Monthly Archives: August 2015

I received some Illumina data from collaborators without knowing much about how it had been generated.

Inspecting the files I found that the data had already been demultiplexed and stripped of their barcodes. There were also paired reads for each sample. I wasn’t familiar with how to deal with this sort of data, but Robert Edgar has a discussion here, with Example 2 being the appropriate case:

It’s a simple matter to adapt his helpful solution for the multiple file case, but I always find myself googling basic shell scripting so here’s my version.

First we need to get a list of all of the sample names.
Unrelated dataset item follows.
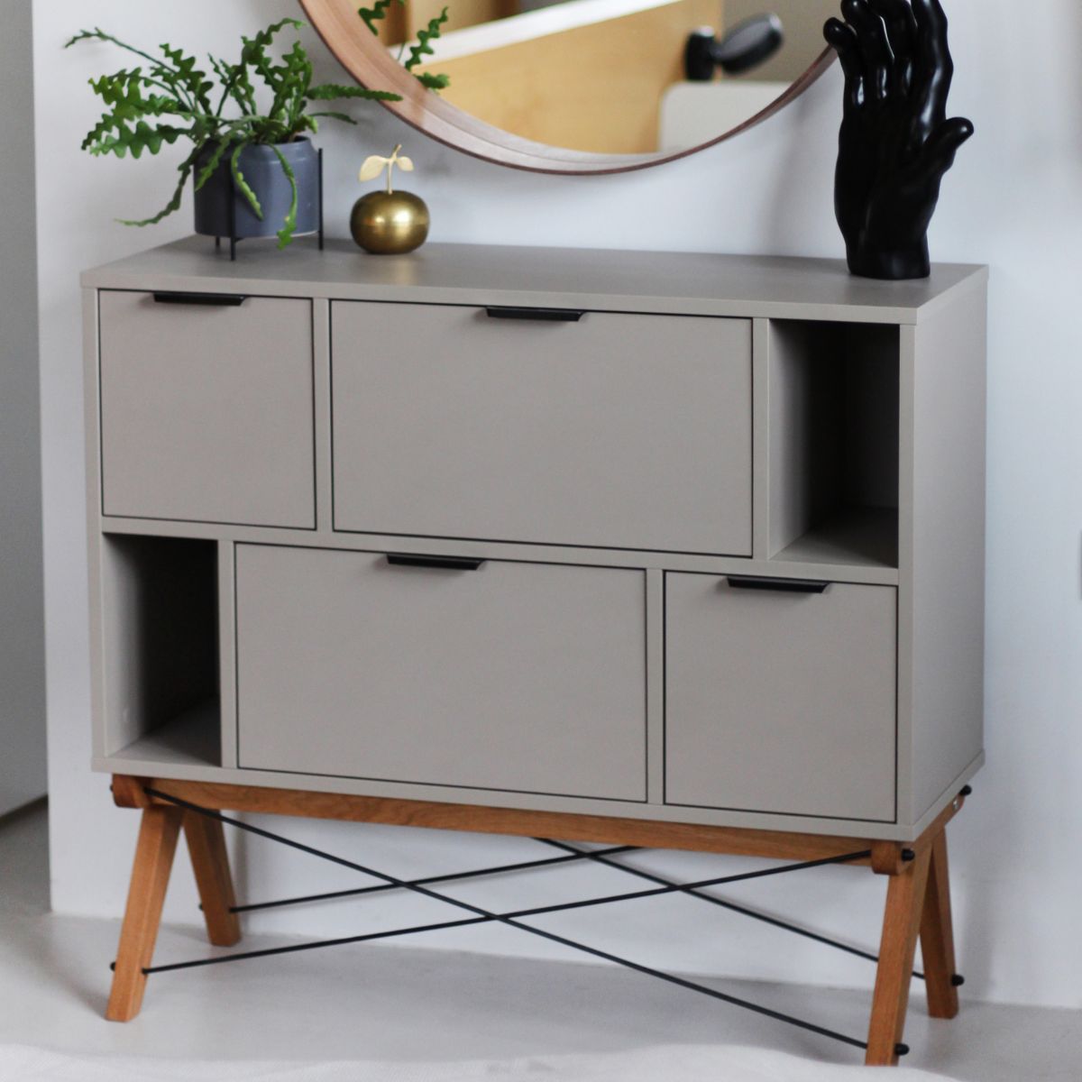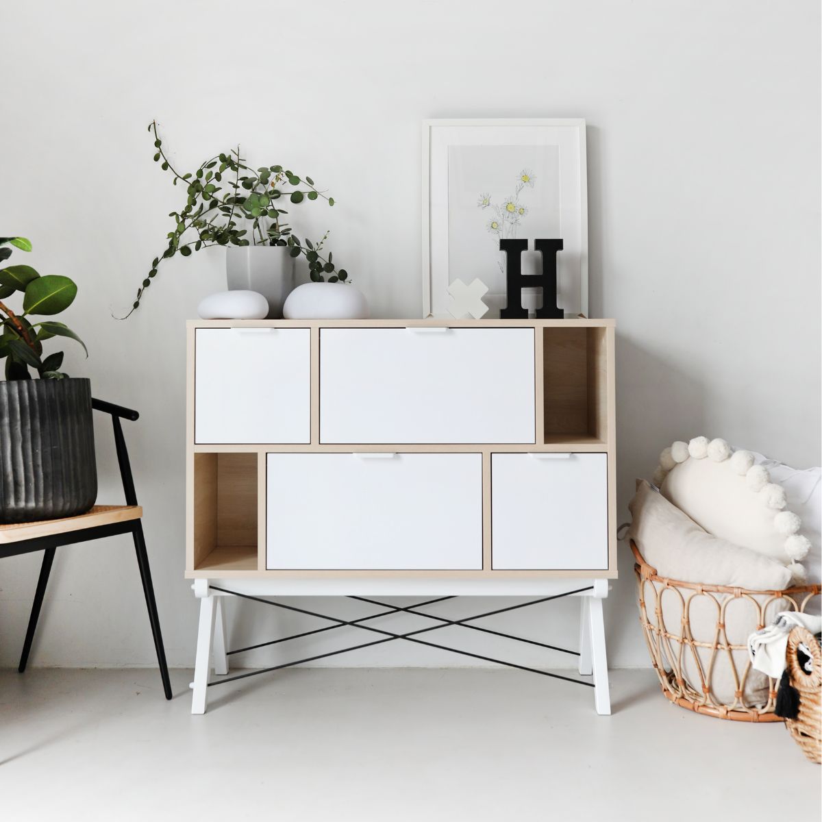 Komoda Asymetric Midi to designerski mebel w stylu skandynawskim, osadzony na drewnianych nóżkach ze stelażem zdobionym charakterystycznymi dla marki Minko drucikami. To połączenie estetyki, funkcjonalności i nowoczesnego designu, które ożywi każde wnętrze.

Assuming that your file names are in the standard form ‘SampleName_L001_R1_001.fastq’, this can be done by the following:

ls *.fastq | awk -F '_L001' '{print $1'} | uniq > sample_names.txt

Then loop through all the samples, doing 1) merging the forward and reverse reads; 2) filtering of the reads; 3) adding the barcode=SampleName annotation; 4) concatenating the reads into a single file.

while read p; do
    echo 'Processing reads for '"$p"''
    usearch61 -fastq_mergepairs ''"$p"'_L001_R1_001.fastq' \
     -reverse ''"$p"'_L001_R2_001.fastq' -fastqout ''"$p"'_merged.fastq'
    usearch61 -fastq_filter ''"$p"'_merged.fastq' \
     -fastaout ''"$p"'_filtered.fa' -fastq_maxee 1.0
    sed '-es/^>\(.*\)/>\1;barcodelabel='"$p"';/' \
    cat ''"$p"'.fa' >> reads.fa
done < sample_names.txt

When running I encountered the error:

Cannot find fastq-join. Is it installed? Is it in your path?

The solution was apparently to install ea-utils, which contains fastq-join.

So I tried that.

However, make failed with the same error as detailed here:!msg/ea-utils/nR5qvhgZKIY/yx5BSEta_dQJ

The trick here was that not everything in ea-utils was required to make fastq-join work, as Eric Aronesty pointed out on the above thread:

“Of course fastq-join doesn’t use sparse-hash… so if you ran “make fastq-join” … it would work, even on a Mac.”

Then of course you need to move the resulting fastq-join binary to somewhere in your path. Now should work fine.